*** Opening Materials provided ***
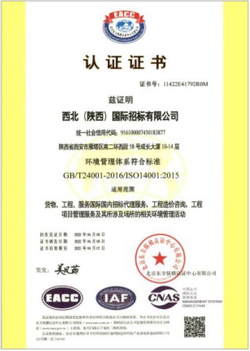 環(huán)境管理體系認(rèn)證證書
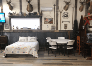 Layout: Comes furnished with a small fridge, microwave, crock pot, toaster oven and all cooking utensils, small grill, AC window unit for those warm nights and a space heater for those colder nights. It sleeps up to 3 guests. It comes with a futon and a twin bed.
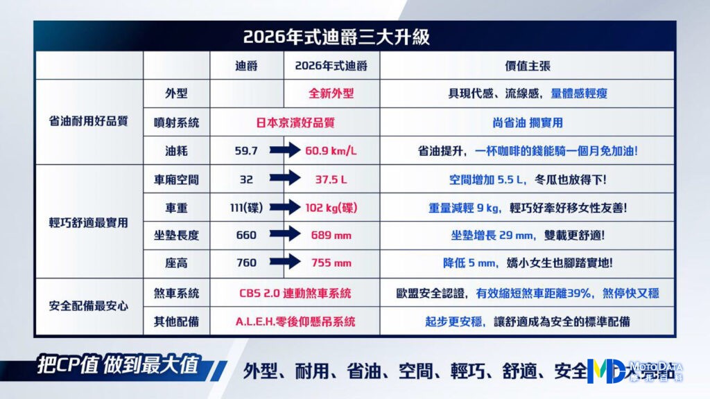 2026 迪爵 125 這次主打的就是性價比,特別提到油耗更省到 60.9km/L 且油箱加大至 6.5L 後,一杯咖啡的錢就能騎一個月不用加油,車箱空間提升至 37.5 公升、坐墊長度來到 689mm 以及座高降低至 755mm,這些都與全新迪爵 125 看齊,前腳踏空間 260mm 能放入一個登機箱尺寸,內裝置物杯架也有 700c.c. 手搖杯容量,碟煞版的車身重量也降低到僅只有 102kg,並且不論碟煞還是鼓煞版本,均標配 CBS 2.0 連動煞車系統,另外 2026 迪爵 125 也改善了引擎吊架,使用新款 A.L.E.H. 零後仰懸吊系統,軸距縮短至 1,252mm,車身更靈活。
*** Closing Materials provided ***
*** Opening Materials provided ***
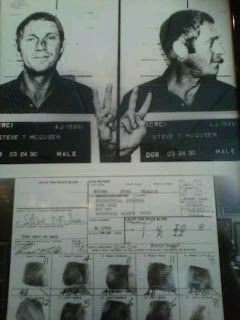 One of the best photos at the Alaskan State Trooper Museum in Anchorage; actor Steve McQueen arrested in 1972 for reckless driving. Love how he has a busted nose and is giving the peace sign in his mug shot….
*** Closing Materials provided ***
Print, word for word, the lines above that run from the line containing "環(huán)境管理體系認(rèn)證證書" to the line containing "2026 迪爵 125 這次主打的就是性價比,特別提到油耗更省到", both included. Keep the pictures out.

 環(huán)境管理體系認(rèn)證證書
 Layout: Comes furnished with a small fridge, microwave, crock pot, toaster oven and all cooking utensils, small grill, AC window unit for those warm nights and a space heater for those colder nights. It sleeps up to 3 guests. It comes with a futon and a twin bed.
 2026 迪爵 125 這次主打的就是性價比,特別提到油耗更省到 60.9km/L 且油箱加大至 6.5L 後,一杯咖啡的錢就能騎一個月不用加油,車箱空間提升至 37.5 公升、坐墊長度來到 689mm 以及座高降低至 755mm,這些都與全新迪爵 125 看齊,前腳踏空間 260mm 能放入一個登機箱尺寸,內裝置物杯架也有 700c.c. 手搖杯容量,碟煞版的車身重量也降低到僅只有 102kg,並且不論碟煞還是鼓煞版本,均標配 CBS 2.0 連動煞車系統,另外 2026 迪爵 125 也改善了引擎吊架,使用新款 A.L.E.H. 零後仰懸吊系統,軸距縮短至 1,252mm,車身更靈活。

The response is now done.